▸ Exercise data
##############################

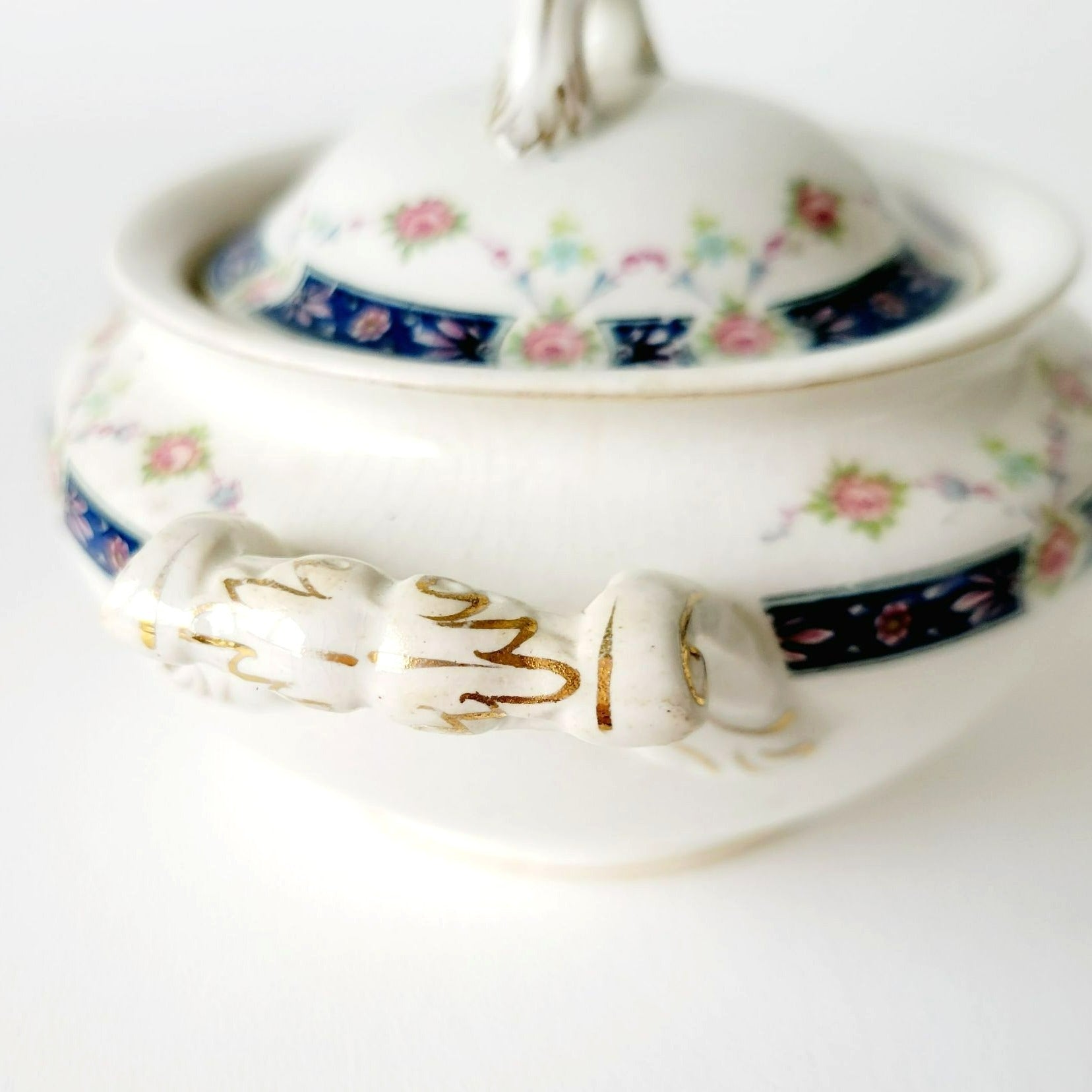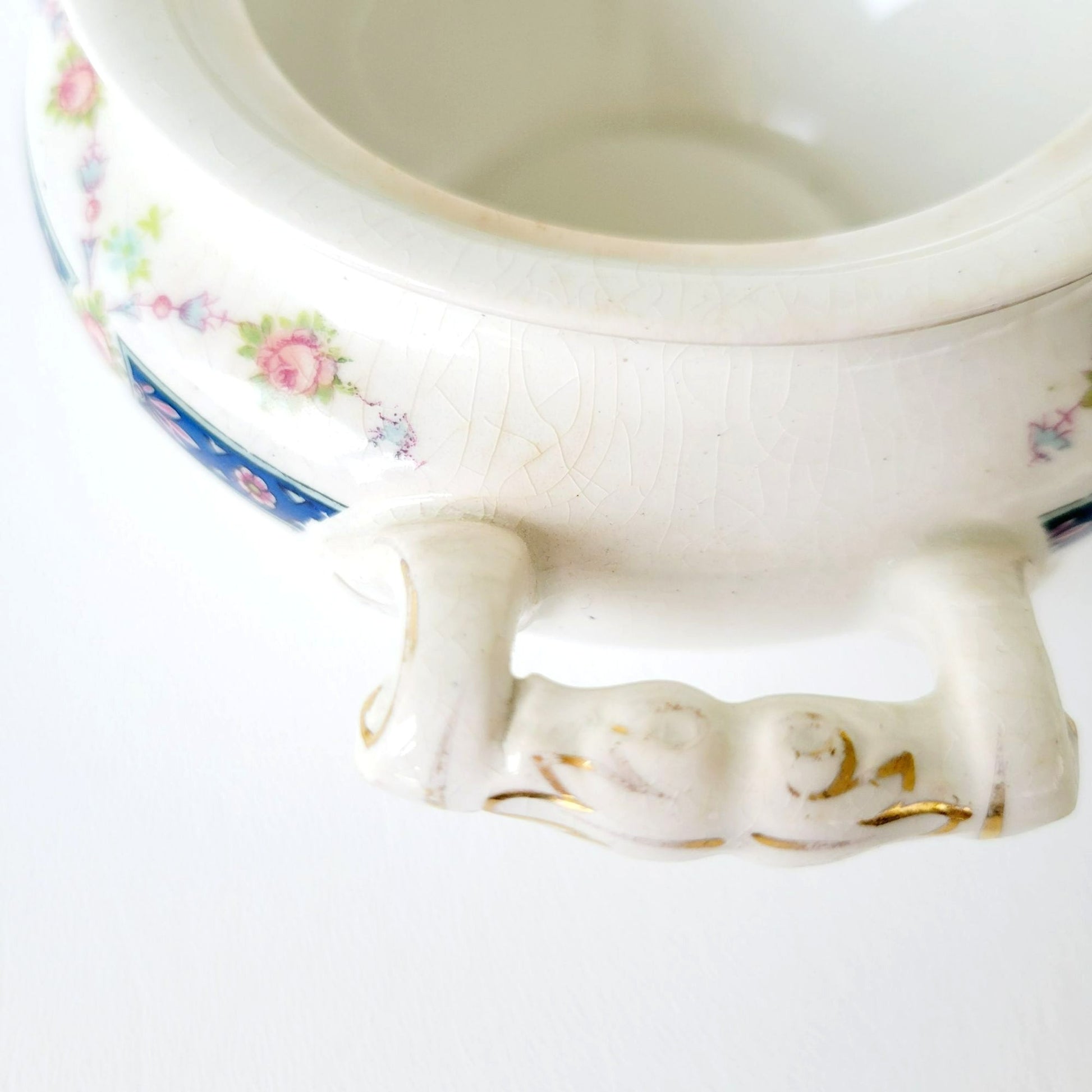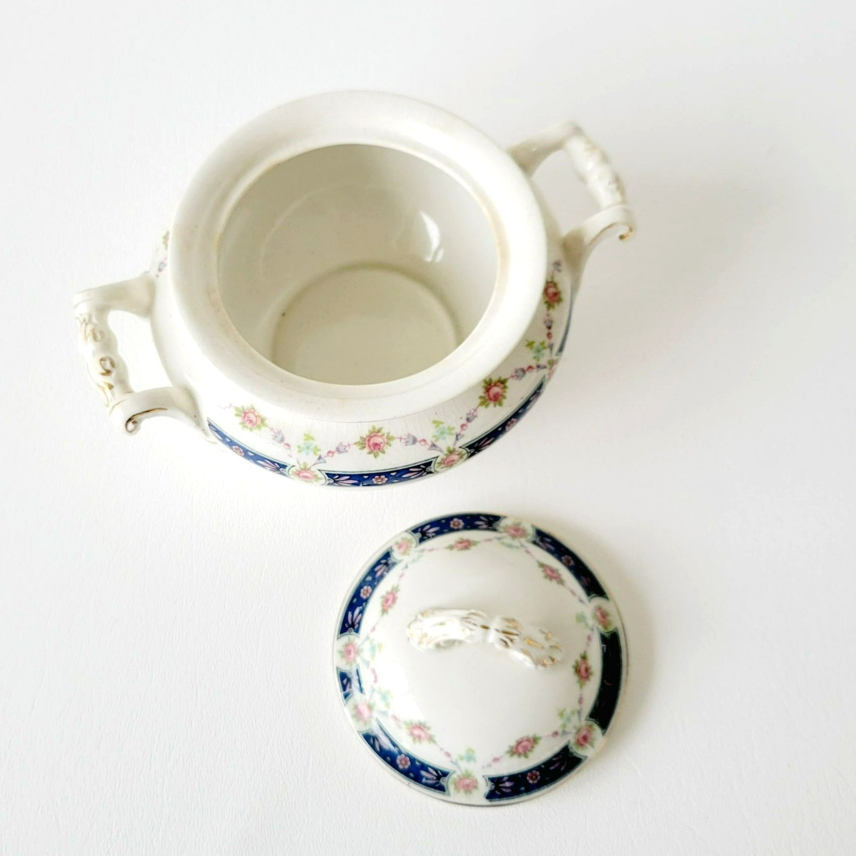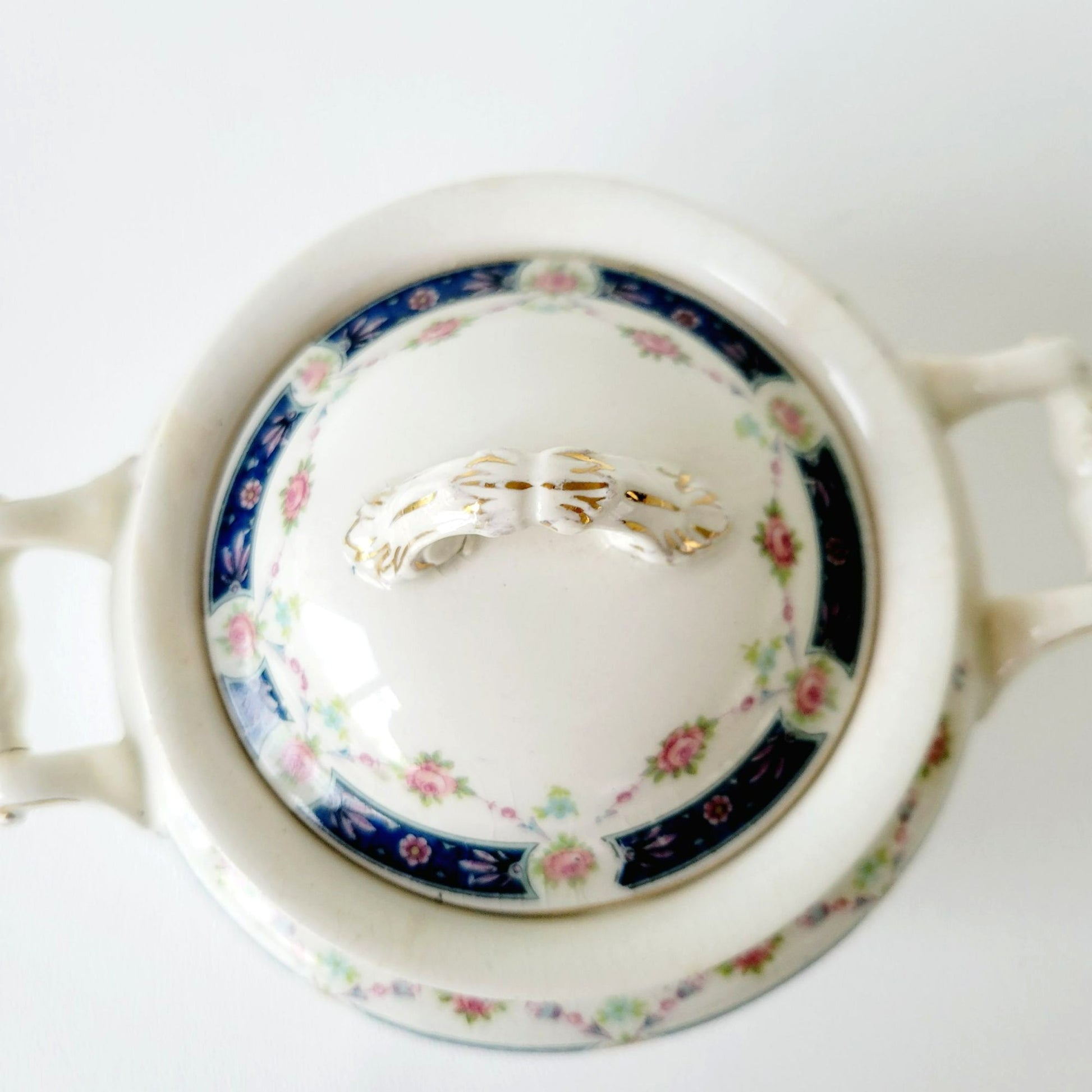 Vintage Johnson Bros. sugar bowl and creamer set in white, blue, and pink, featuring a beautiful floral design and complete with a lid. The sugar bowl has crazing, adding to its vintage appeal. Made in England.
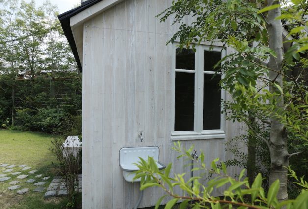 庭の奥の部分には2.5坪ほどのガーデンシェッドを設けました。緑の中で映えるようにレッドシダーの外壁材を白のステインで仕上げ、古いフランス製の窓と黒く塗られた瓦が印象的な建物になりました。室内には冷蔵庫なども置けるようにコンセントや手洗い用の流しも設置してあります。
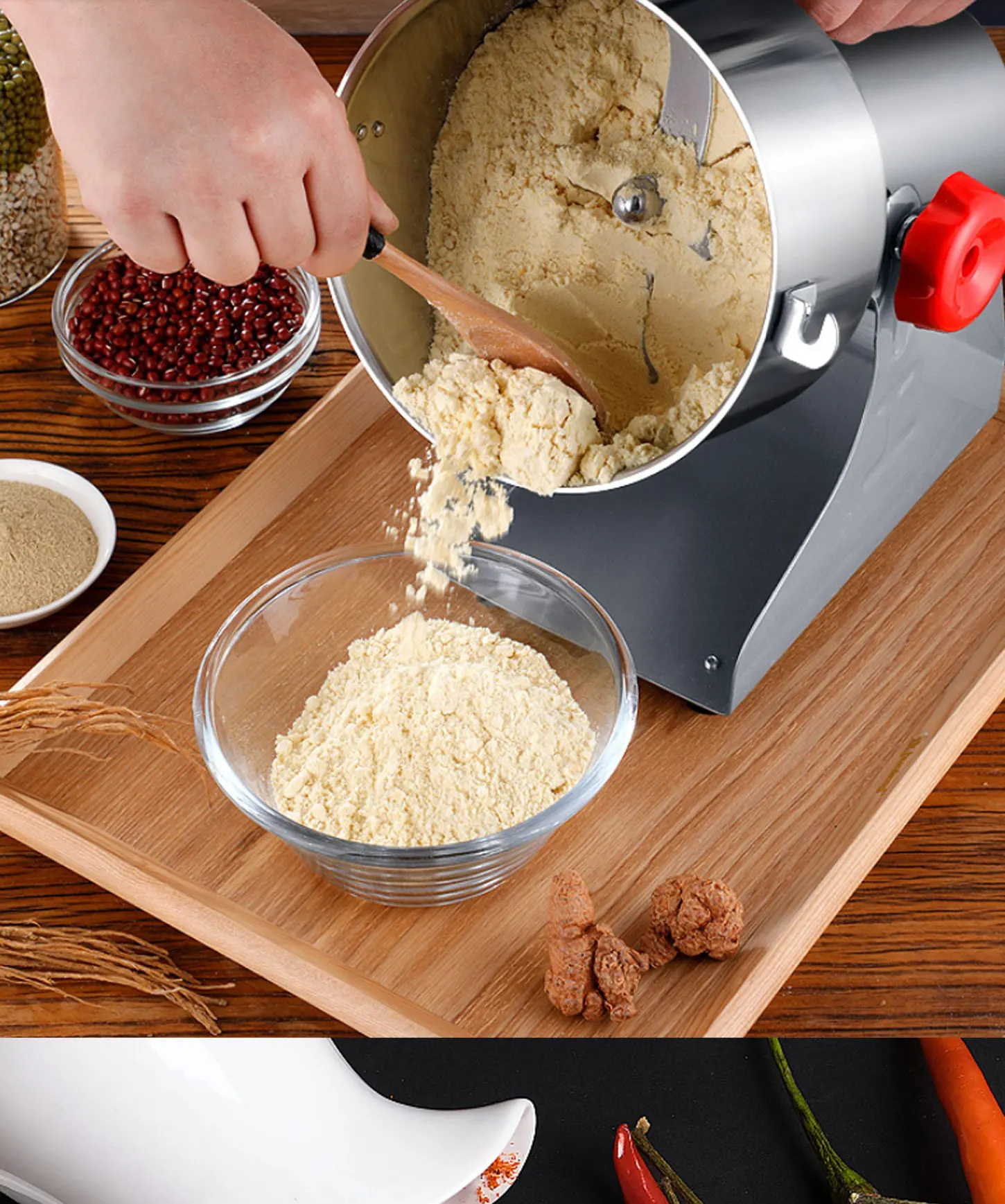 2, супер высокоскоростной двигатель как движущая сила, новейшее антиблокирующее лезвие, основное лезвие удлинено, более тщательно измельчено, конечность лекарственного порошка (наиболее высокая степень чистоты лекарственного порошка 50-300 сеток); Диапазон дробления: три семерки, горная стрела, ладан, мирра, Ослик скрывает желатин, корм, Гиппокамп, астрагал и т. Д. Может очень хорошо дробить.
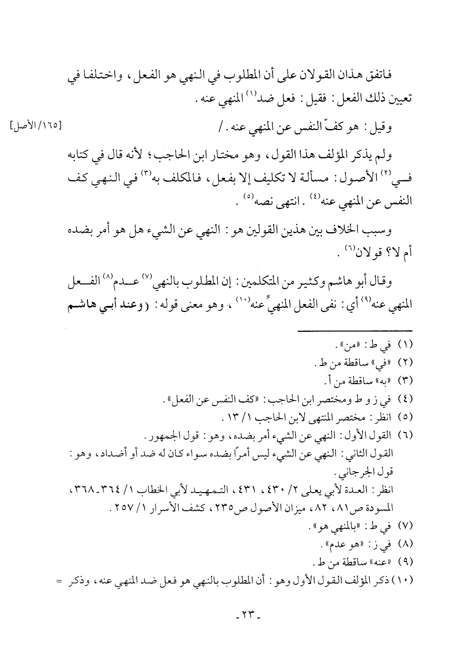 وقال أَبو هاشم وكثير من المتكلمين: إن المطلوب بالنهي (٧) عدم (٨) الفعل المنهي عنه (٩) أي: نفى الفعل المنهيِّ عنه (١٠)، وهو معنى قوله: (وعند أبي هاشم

##############################

▸ What the task requires
Please reproduce, exactly and only, the lines from the line containing "庭の奥の部分には2.5坪ほど" through the last line of the material above, minus any pictures.

▸ Exercise answer
 庭の奥の部分には2.5坪ほどのガーデンシェッドを設けました。緑の中で映えるようにレッドシダーの外壁材を白のステインで仕上げ、古いフランス製の窓と黒く塗られた瓦が印象的な建物になりました。室内には冷蔵庫なども置けるようにコンセントや手洗い用の流しも設置してあります。
 2, супер высокоскоростной двигатель как движущая сила, новейшее антиблокирующее лезвие, основное лезвие удлинено, более тщательно измельчено, конечность лекарственного порошка (наиболее высокая степень чистоты лекарственного порошка 50-300 сеток); Диапазон дробления: три семерки, горная стрела, ладан, мирра, Ослик скрывает желатин, корм, Гиппокамп, астрагал и т. Д. Может очень хорошо дробить.
 وقال أَبو هاشم وكثير من المتكلمين: إن المطلوب بالنهي (٧) عدم (٨) الفعل المنهي عنه (٩) أي: نفى الفعل المنهيِّ عنه (١٠)، وهو معنى قوله: (وعند أبي هاشم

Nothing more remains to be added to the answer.